Arg 2 : le caractère néanmoins humain des personnages
On voit que la notion d’héroïsme varie en fonction des époques et des cultures. Liboko fait preuve de plus
d’humanité et semble moins constant dans ses choix : renonçant à frapper Sango Kerim, il renonce à défendre son
camp contre l’ennemi. Mais sa faculté d’aimer et de pardonner relève d’une autre forme d’héroïsme plus moderne.
L’euphémisme « la vie l’avait déjà quitté » l 33 atténue un temps la violence des combats.

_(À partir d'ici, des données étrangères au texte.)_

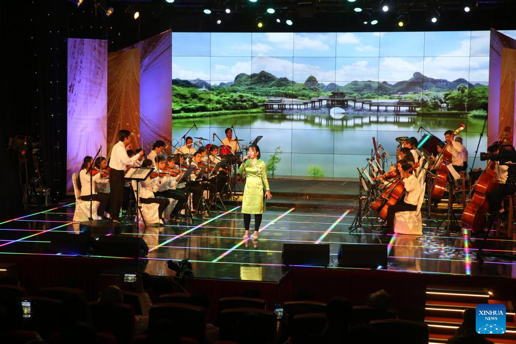 The classical poetry recitation and musical concert, jointly organized by China's Guangxi Radio and Television and Myanmar Radio and Television under Myanmar's Ministry of Information, brought together around 200 audience members from the Chinese and Myanmar communities.
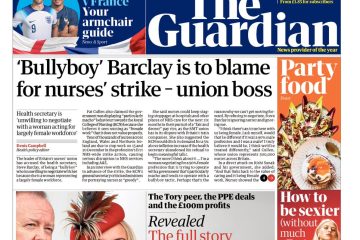 The Guardian’s front page quotes the head of Britain’s nursing union as saying the health secretary is a “bullyboy” who won’t negotiate with her because she represents a predominantly female workforce.
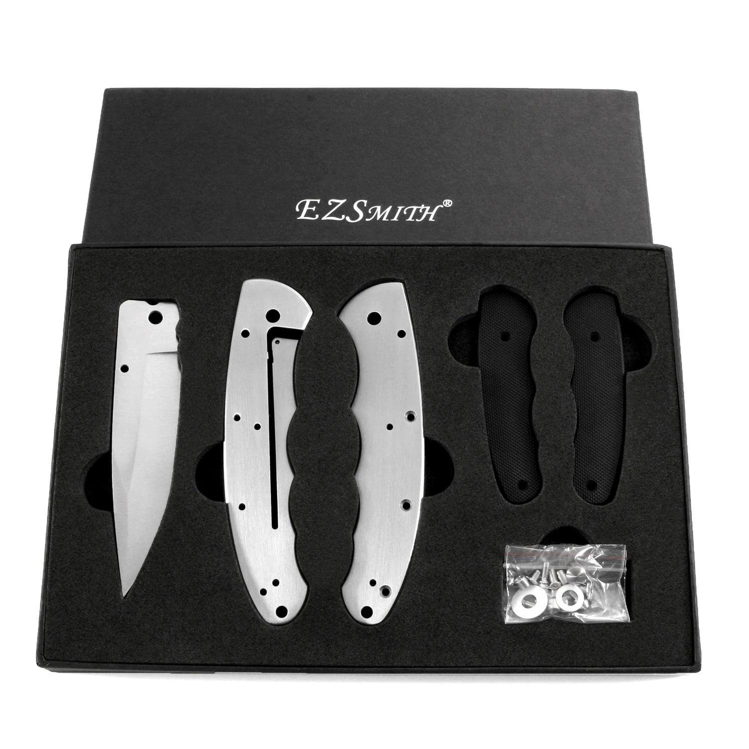Properly built, one can easily exceed the quality and performance found on many high end production folding knives available today. The modification options on this knife kit model are virtually limitless, as you can add filework, engraving, different handle treatments, and much more. The base unit is designed to be easily assembled and does not require any additional parts for standard completion (see finished standard model photos).
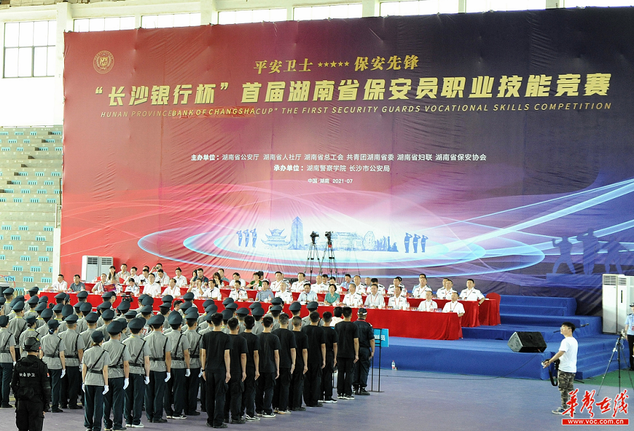 此次竞赛以“平安卫士 保安先锋”为主题,由湖南省公安厅、省人社厅、省总工会、团省委、省妇联、省保安协会联合主办,湖南警察学院、长沙市公安局承办。中国保安协会第一副会长刘绍武,省公安厅党委委员、副厅长谭学军,省人社厅二级巡视员全教稳出席开幕式并讲话。
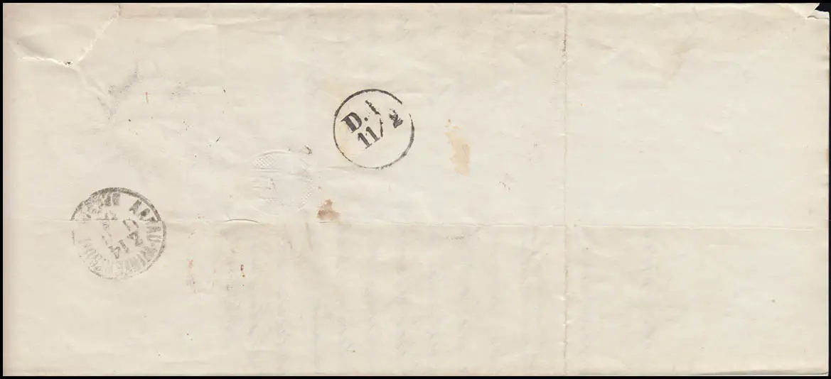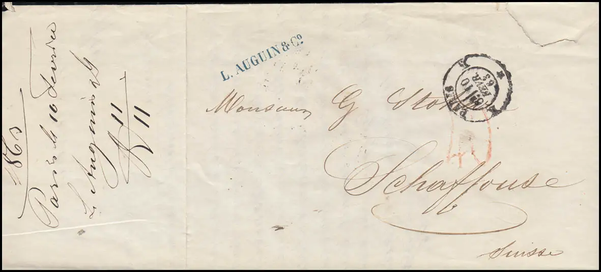 von der Firma L. AUGUIN & Co. / Ankunftsstempel AARAU-WINTERTHUR 11.2.1863 / Einkreisstempel "D 4 - 11/2", oben rechts Einriss alut Abbildung
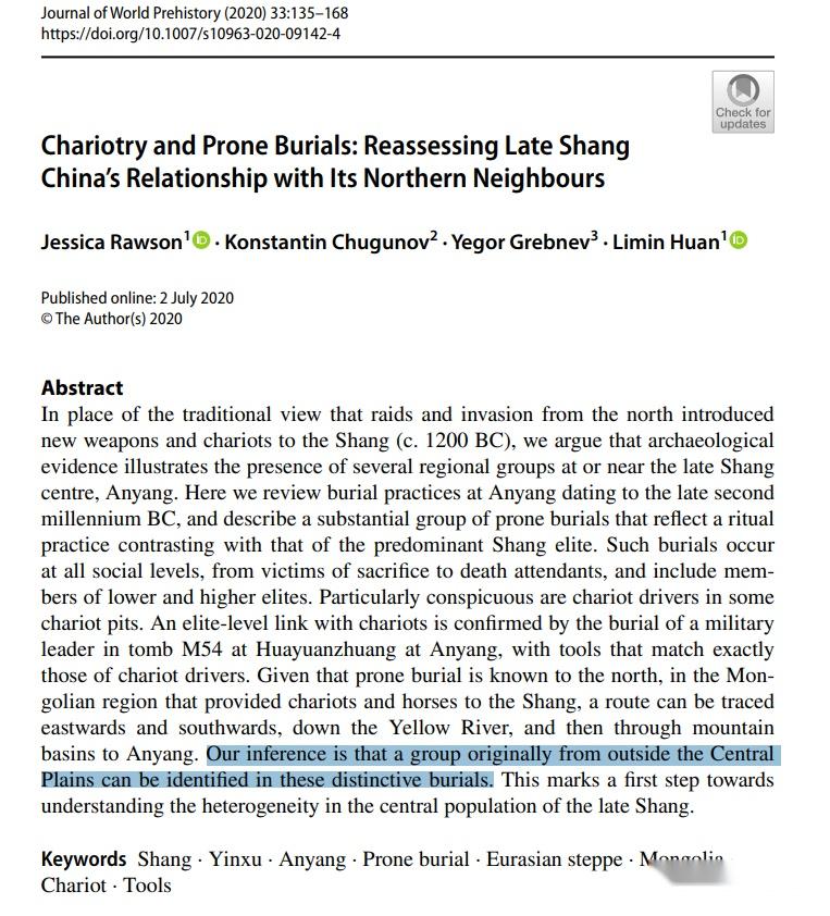 在上一篇小文《关于殷商的起源,关于殷墟大墓亚长的人种,各种谎言真是到了尽头》中,脚趾头轻轻点了一下——但凡看过《 战车和俯身葬:重估晚商中国与北方邻居的关系 》这篇论文的小东西,没有不“魂飞魄散”的。
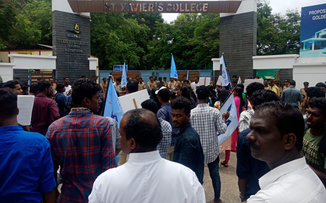 മുക്കുവ സംവരണം: കേരള മത്സ്യ മേഖലാ വിദ്യാർത്ഥി സമിതി സെന്റ് സേവ്യേഴ്സ് കോളേജിലേക്ക് പ്രതിഷേധ മാർച്ച് നടത്തി

L’humanité de Liboko se manifeste de manière inattendue. L’adverbe « soudain » l 25, l’intervention du passé simple
« il suspendit », l 25, l’accumulation de phrases brèves et nominales à partir de la ligne 25 semblent marquer un
temps d’arrêt. L’action s’interrompt brutalement et le guerrier redevient un homme devant Sango Kerim, jadis son
ami. (« le visage de cet homme ….son ami »). Les bras cessent de frapper (« il ne pouvait se résoudre à frapper » l 30,
les yeux se croisent ( « leurs yeux se croisèrent » l 28), les visages se sourient avec douceur (« il sourit doucement ») l
30 et les larmes, si proprement humaines rejaillissent : Sango Kerim « pleur[e] sur Liboko. La métamorphose des
féroces guerriers en êtres humains contribue au registre pathétique. C’est au moment où de tendres sentiments
renaissent que la barbarie s’acharne : l’amitié est anéantie sous les coups d’Orios. Les héros, soudain fragilisés par le
brusque retour de leurs émotions d’antan, sont vaincus sans pitié et c’est au moment où l’on voit apparaître une
lueur de paix que la guerre s’impose de plus belle. Le lexique hyperbolique de la violence physique et morale est à la
fois source de compassion et de dégoût : Orios « écrasa » le visage de Liboko qui « s’affaissa » puis s’ « effondra » à
genoux.
Conclusion :
Gaudé a emprunté pour ce passage les ressorts des scènes de bataille des récits antiques. Dans les deux extraits, il
s’agit de corps à corps qui se terminent dans le sang. Rien n’est épargné au lecteur des coups et de la souffrance
physique et morale des héros.
Ouverture : passage à rapprocher de Troie de Wolfgang Peterson et L’Iliade ( VIIIème av. J-C.) d’Homère.